The calm of the childhood game Ginny had tried to convince the kids they were playing, gave way to fear. Some of the children were stoic, quiet, and buried their faces in the stale, hard rug. Kim cried; her hands balled into fists while a few others screamed. Everyone knew what was coming.
But, they could do little about it.
Chase glanced at Ginny and saw the fear in her eyes. His fingers drifted over and squeezed hers tight. He had hoped it wouldn’t come to this.
“What do we do?” Ginny asked in a hushed voice.
“If we run . . . we won’t all make it.”
“Run?” Ginny’s eyes narrowed. “We don’t even know how many are out there.”
Judging by the sound, there were half a dozen.
“They’ll pick us off one by one,” Ginny continued. “I don’t know why they haven’t just ripped this place apart yet.”

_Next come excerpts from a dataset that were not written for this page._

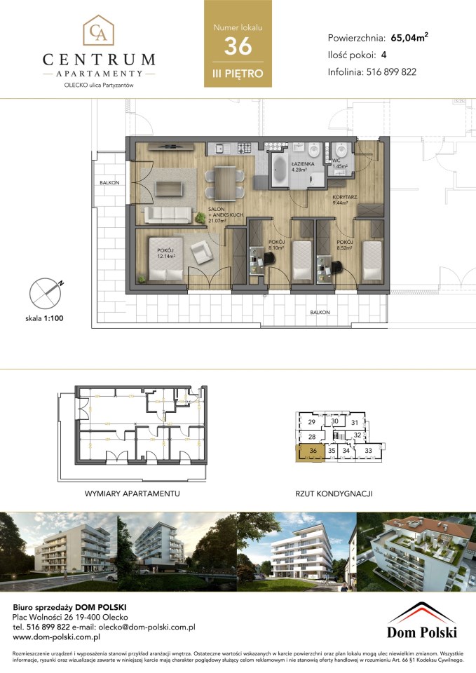 Oferujemy na sprzedaż 3-pokojowe mieszkanie o powierzchni 65,04 m2. Lokal mieszkalny zlokalizowany jest na trzecim piętrze budynku w inwestycji Centrum Apartamenty przy ul. Partyzantów w Olecku. Składa się z salonu z aneksem kuchennym (21,07 m2), trzech pokoi (12,14 m2, 8,10 m2 i 8,52 m2), łazienki (4,28 m2), WC (1,45 m2) oraz korytarza (9,44 m2). Do mieszkania przynależy duży taras oraz komórka lokatorska.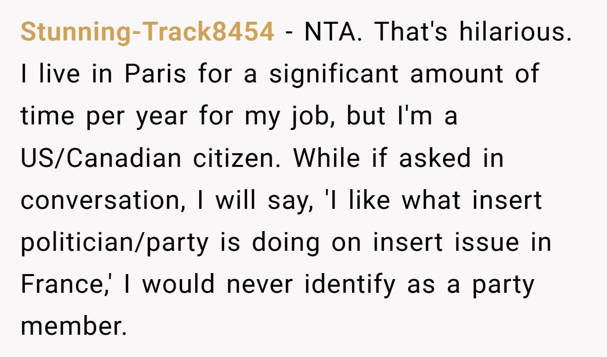 But one thing’s clear: aligning with a foreign political movement, without context or participation, might get you some side-eyes—and a viral Reddit post to boot. Would you have laughed too? Or kept it professional? Share your thoughts in the comments!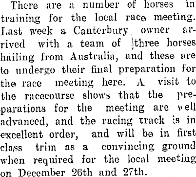 There are a number of horses in training for the locai race meeting. Last week a Canterbury owner arrived with a team of jthree horses hailing from Australia, and these are to undergo their final preparation for the race meeting here. A visit to the racecourse shows that the preparations for the meeting are veil advanced, and the racing track is in excellent order, and will be in first class trim as a convincing ground when required for the local meeting on December 26th and 27th.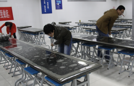大家穿着统一的蓝色马甲,一下子意识到了自己的身上的责任和使命。我们这次活动的主要任务是清理餐厅和家属楼一单元。大家明确分工,领着工具便风风火火开展起来。让我们一起来看看志愿者的风采吧: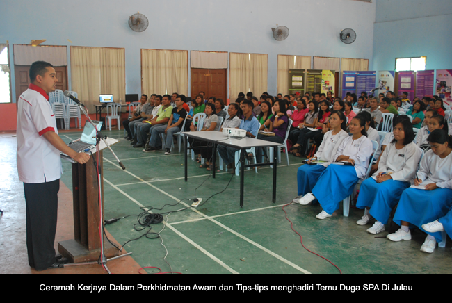 Antara aktiviti-aktiviti yang berlangsung sepanjang program-program tersebut adalah Ceramah Kerjaya dalam Perkhidmatan Awam dan Tips-Tips Temu Duga, Pendaftaran Online SPA, Kaunter Khidmat Nasihat Urusan SPA, dan pameran-pameran dari SPA dan pelbagai jabatan persekutuan. Ceramah Kerjaya telah disampaikan oleh Encik Asrul bin Zakaria, Penolong Setiausaha (Perkhidmatan) Urus Setia Cawangan Sarawak.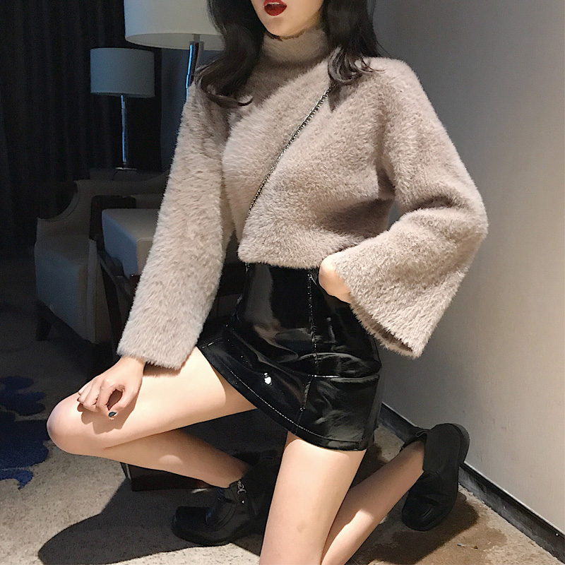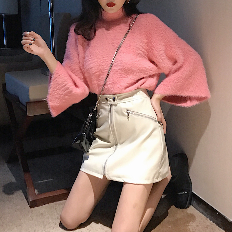 / 港味慵懶風毛衣女半高領寬松顯瘦復古chic新款針織衫喇叭袖上衣潮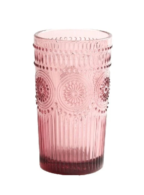 4 Pioneer Woman (?) Vasos bajos de vidrio de 4" con brillo rosa melocotón usados en excelente estado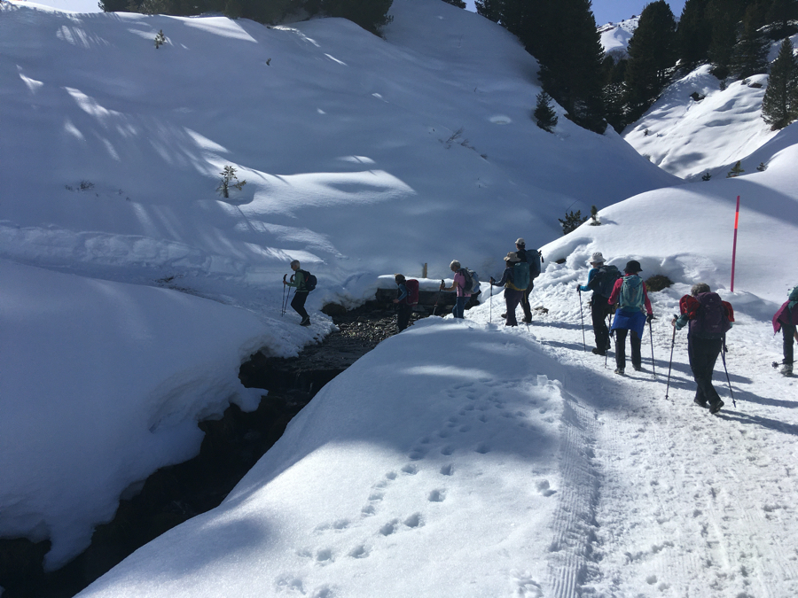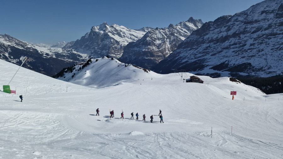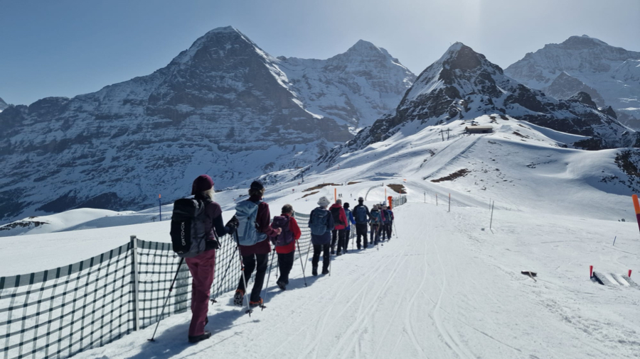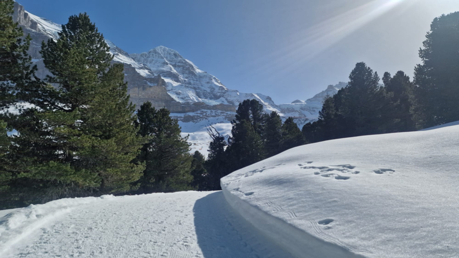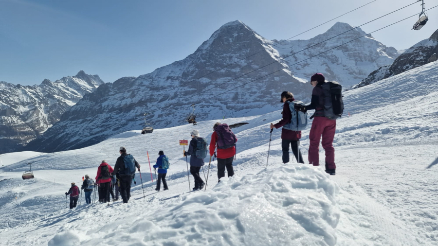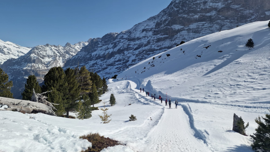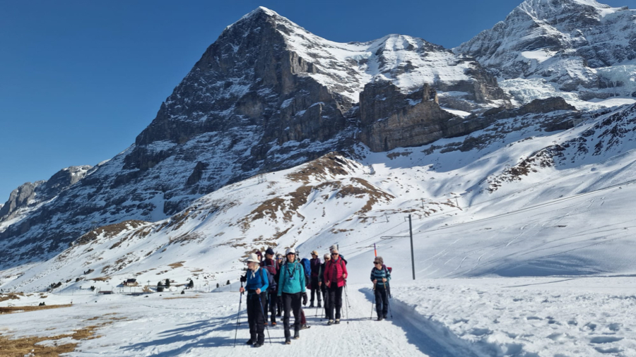 Der Startkaffe auf der sonnigen Terrasse des Bergrestaurants Männlichen schmeckte uns nach dieser ersten Anstrengung umso besser und gestärkt starteten wir anschliessend den eigentlichen Winterwanderweg. Anfangs teilten wir uns den Weg teilweise mit Schlittlern und Skifahrern, aber die grössere Herausforderung waren die zum Teil ziemlich steilen und rutschigen Wegstücke bergab. Zum Glück meisterten alle Teilnehmenden auch diese mit Bravour. Bei kurzen Halten bewunderten wir immer wieder das imposante Dreigestirn Eiger, Mönch und Jungfrau und unzählige andere 3000-er und 4000-er.

Her words caused a chorus of cries from some of the kids. Chase put his finger to his lips and his glower silenced her. What was she thinking, saying something like that around the kids? “It’s just a matter of time,” he whispered. “They know there’s nowhere we can go. They’re toying with us.”
Everything was silent, except for the whipping wind outside, and claws stomping on the roof. Ginny looked up with fear and she clutched her gun in her hand.
If it had just been them, escape would have been one thing, but with the children . . . how would Chase keep them all moving fast enough? Traveling in a group
would just make picking them off dragon’s play. It’d be like they were a moving target of gazelles for the hungry lion, but if they stayed there, then they would surely all die.
He had to do what was best for the group. They were Chase’s charges, his responsibility—and it weighed on him like a heavy bolder.
“We head to the kitchen. I’ll give you fire cover. Take the kid’s and run.”
“Where? Where are we going to run to?”
“Head for the trees,” Chase said. “Go in deep. It’ll slow their wings down. They’ll lose you.”
Ginny’s eyes narrowed. “And then what? Tomorrow? The day after.”
“I don’t have all the answers, but if you stay here . . .” Chase bit his lip and shook his head.
“And you? What about you?” Ginny asked.
She kept pushing him. Didn’t Ginny see how hard it was for him? “Dammit, we have to do something. We have to try. If we don’t try,” he looked at the scared faces of the kids all around him. The ones that had been entrusted to him. The ones he had failed. “We have to try. Some will break up and follow you. I’ll keep them off your tail as much as I can, but you’re going to have to move fast. Don’t wait for me.”
Chase didn’t want to be the self-sacrificing type, but right then he didn’t see a choice. And Ginny, from how her eyes moistened, knew he wouldn’t catch up with her. Her lip quivered and she quelled it by pressing her jaws tightly together. “All right, we had better move. Bruce . . .”
“I’ll stay here. I have a gun,” Bruce answered with quiet strength.
Chase sighed. “Bruce . . .”
“No buts. You’ll need an extra pair of hands and eyes. I’m staying to help you.”
Extra pairs of eyes were just what he needed, but Chase couldn’t discount the boy’s loyalty. So he nodded. “Let’s get moving then.”
They crawled single file through the house. The windows in the kitchenette and living room were open, giving away a few glimpses of glistening hides as they patrolled around the house. Panic rose in the children, their breath turning from deep breaths to shallow quickening.